• Activity
Could you copy, word for word, only the lines from the one containing "履歴書は封筒に入った状態で届" through the last line of the records below, both included?

• Dataset records

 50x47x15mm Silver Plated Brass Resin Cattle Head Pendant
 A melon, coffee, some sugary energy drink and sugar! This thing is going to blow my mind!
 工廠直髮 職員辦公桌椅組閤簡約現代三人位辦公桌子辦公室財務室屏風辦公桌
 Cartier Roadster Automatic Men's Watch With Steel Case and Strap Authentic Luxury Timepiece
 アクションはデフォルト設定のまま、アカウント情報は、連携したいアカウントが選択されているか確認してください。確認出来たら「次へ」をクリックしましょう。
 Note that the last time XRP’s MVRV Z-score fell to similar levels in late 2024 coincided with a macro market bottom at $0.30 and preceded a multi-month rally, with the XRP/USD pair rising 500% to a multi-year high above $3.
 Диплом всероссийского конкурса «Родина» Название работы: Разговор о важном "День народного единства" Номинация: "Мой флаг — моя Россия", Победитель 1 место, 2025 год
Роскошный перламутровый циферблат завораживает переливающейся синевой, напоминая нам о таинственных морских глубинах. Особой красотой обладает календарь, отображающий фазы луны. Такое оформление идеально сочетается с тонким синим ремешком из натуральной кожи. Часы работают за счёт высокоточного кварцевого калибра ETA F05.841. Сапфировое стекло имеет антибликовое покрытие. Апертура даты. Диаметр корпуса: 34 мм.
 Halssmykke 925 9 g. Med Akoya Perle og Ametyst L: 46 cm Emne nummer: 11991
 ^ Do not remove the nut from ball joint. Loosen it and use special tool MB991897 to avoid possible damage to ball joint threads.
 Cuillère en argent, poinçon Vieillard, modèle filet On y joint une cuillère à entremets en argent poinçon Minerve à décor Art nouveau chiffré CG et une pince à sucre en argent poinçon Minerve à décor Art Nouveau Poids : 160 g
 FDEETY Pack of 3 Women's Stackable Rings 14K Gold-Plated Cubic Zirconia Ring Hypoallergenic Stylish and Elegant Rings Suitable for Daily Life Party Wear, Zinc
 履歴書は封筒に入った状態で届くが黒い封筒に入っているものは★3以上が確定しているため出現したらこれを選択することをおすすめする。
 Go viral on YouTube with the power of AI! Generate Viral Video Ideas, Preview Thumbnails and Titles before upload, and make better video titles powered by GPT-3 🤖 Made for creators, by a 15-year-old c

• Answer box
 履歴書は封筒に入った状態で届くが黒い封筒に入っているものは★3以上が確定しているため出現したらこれを選択することをおすすめする。
 Go viral on YouTube with the power of AI! Generate Viral Video Ideas, Preview Thumbnails and Titles before upload, and make better video titles powered by GPT-3 🤖 Made for creators, by a 15-year-old c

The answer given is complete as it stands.